_ACTIVITY_
Copy word for word the lines of the records below, beginning at the one with "Chardin namaloval obraz" and finishing at the one with "印度尼西亚华族团体的救援物资", ends included, but none of the pictures.

_DATA FOR REVIEW_
---------------

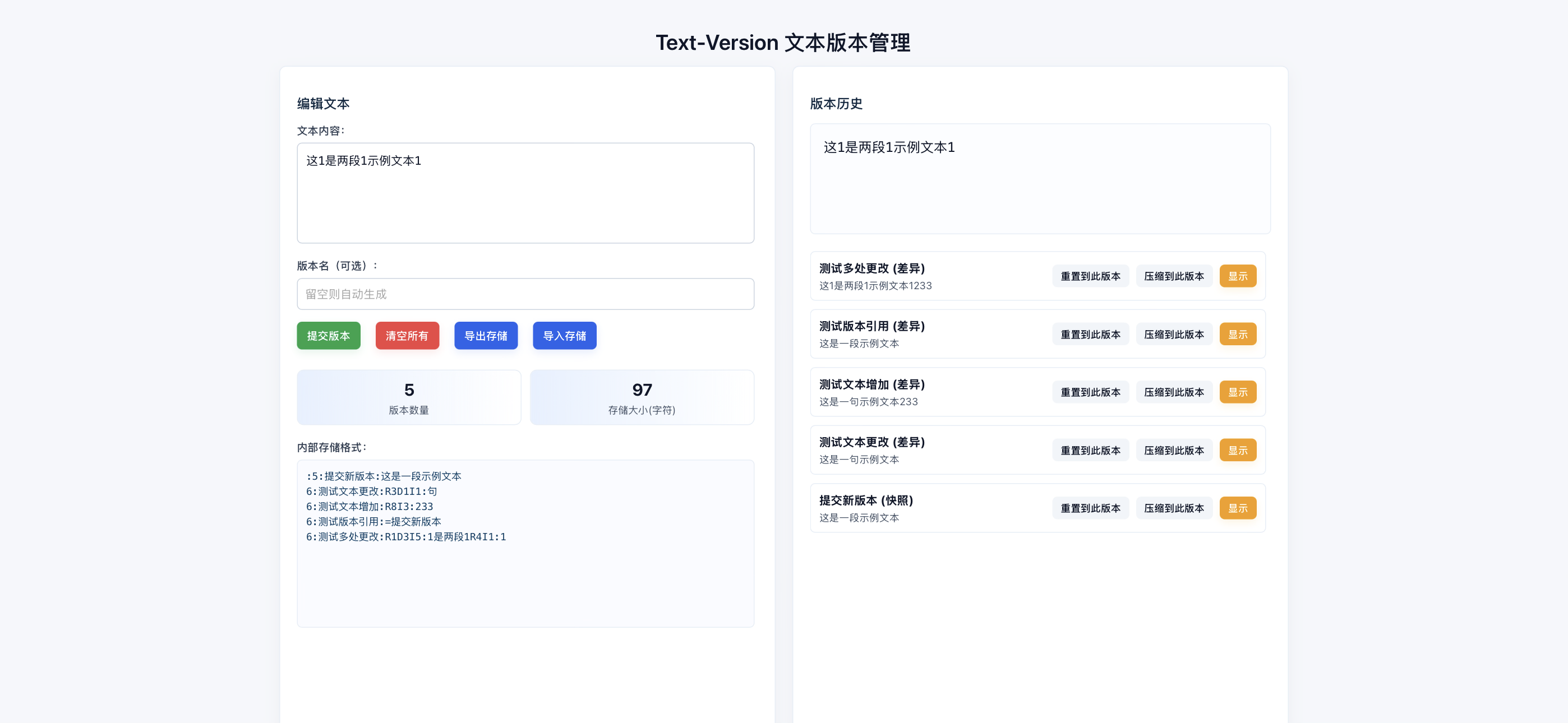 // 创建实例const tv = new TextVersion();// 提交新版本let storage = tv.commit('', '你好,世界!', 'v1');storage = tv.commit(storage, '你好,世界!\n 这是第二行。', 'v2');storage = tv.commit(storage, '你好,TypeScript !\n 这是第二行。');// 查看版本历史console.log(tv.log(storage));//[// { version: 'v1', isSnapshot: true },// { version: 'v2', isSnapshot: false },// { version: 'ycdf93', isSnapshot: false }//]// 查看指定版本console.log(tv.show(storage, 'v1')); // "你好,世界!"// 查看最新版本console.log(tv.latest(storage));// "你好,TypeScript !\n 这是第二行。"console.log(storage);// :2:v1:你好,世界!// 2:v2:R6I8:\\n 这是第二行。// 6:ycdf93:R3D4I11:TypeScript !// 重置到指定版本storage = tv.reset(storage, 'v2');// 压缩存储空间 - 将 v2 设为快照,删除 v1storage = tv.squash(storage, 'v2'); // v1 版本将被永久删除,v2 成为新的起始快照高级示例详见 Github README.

---------------

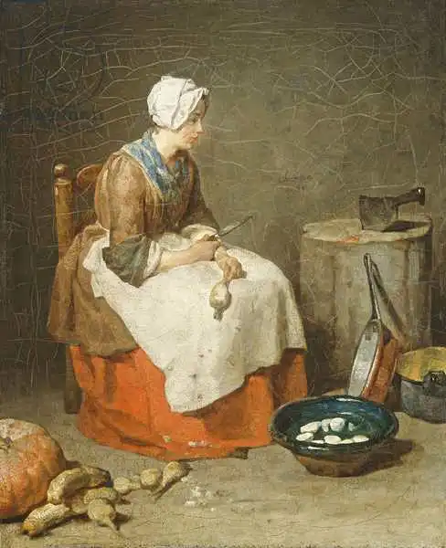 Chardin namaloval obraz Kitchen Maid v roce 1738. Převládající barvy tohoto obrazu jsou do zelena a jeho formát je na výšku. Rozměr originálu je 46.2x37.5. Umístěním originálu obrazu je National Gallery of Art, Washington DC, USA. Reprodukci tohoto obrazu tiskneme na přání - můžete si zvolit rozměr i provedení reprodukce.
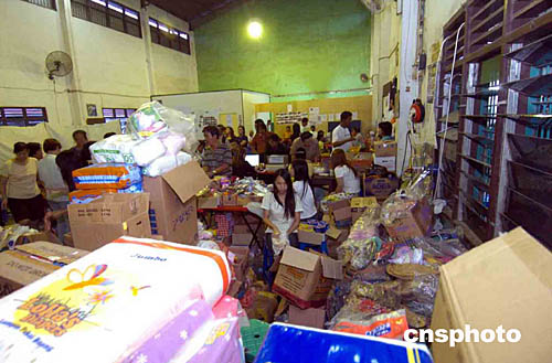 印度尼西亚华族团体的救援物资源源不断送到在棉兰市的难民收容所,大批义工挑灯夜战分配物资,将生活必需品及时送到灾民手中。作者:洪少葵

---------------

_FINAL ANSWER_
 Chardin namaloval obraz Kitchen Maid v roce 1738. Převládající barvy tohoto obrazu jsou do zelena a jeho formát je na výšku. Rozměr originálu je 46.2x37.5. Umístěním originálu obrazu je National Gallery of Art, Washington DC, USA. Reprodukci tohoto obrazu tiskneme na přání - můžete si zvolit rozměr i provedení reprodukce.
 印度尼西亚华族团体的救援物资源源不断送到在棉兰市的难民收容所,大批义工挑灯夜战分配物资,将生活必需品及时送到灾民手中。作者:洪少葵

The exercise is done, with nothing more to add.